2) I was always working here under the assumption that end-of-cycle T and E levels would both be low. Now, everyone is different, and different AAS do different things, but all that being said, your results seem to fly in the face of "conventional wisdom" (FWIW) in that E should be very low post-cycle too. I think you said it was a SD cycle on another thread? Am I right?
i never know what FWIW means or conventional wisdom haha. yes my e2 got lowered while prolactin raised a tad however didnt bring it out of the physiological range. you cant always work over an assumtion although thats usually all we have to work with.
Again, starts to make sense as T rises, but not right away IMO.
very true
I disagree with this one. I believe you were in that thread Seth Roberts started re: prolactin and progesterone. I have a rather long-winded post refuting Seth's claim that prolactin is only a growth factor if E is elevated. He sort of agreed with me but never revisited it after that. I do agree other growth factors must be present for gyno (this is always true), but my current line of thought focuses on this relationship: normal E, elevated secondary growth factor(s) (i.e. prolactin). Can such a situation induce gyno? I believe it can.

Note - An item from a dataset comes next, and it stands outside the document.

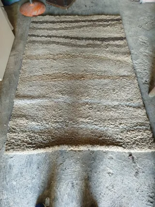 Alfombra de salón con un diseño de rayas en tonos beige y marrón. Su textura suave la hace muy agradable al tacto. - Diseño a rayas. - Tonos tierra.

yea ive leanred quite a bit from that thread, i still believe it is possible however its not as likley if e2 isnt elevated. also the gyno with high prolactin will mostly show signs (i beilieve) when other growth factors are high. i dont think anyone can say with 100% certainty that it always happens only one way. but secondary growth factors you have only mentioned Prolactin, not GH or IGF1 which play a HUGE role in it as well. Why do you think you MAY notice reduced gyno with nolva in some instances? i believe its dues to lowering IGF1, because it doesnt lower E2
Which is why "normal" is all relative, although not sure what you are saying re: the ratio favoring T. I assume you mean you can establish a ratio in favor of T (higher than your individual norm), yet still get gyno, as high T will result in a concurrent rise in E above "normal" levels (yet still, the ratio favors T more than usual). I agree completely, although - if you believe this, you said in a previous post it was all about the ratio. That thinking would seem to contradict the previous post.
i think we are mis communicating and decifering posts in the wrong context.
Anyway, good discussion and your input is appreciated.
im also thinking about using Toremifene for PCT after a 6 week cycle of H-Drol at 50mg a day. my question is how would i dose it?
PCT:
Formex by IBE
Cycle Assist by CEL
maybe Toremifene? or should i stick with CEL PCT Assist?
and a cort control at week 3.
Would def appreciate how to go about dosing the above compounds.
I may be jumping in too quick but I didn't think I could finish the thread without commenting on this.hat people need to understand is that theres a higher amount of estrogen to testosterone when you come off cycle, which is why its important in the beginning to lower it a little while allowing the SERM to do its job, it will help your body recover faster, remember estradiol is responsible for the negative feedback loop.
but too low of estrogen will lower libido, so dose accordingly.
AIs arent just for blocking estrogen rebound after PCT they are for increasing LH and FSH in conjunction with the serm.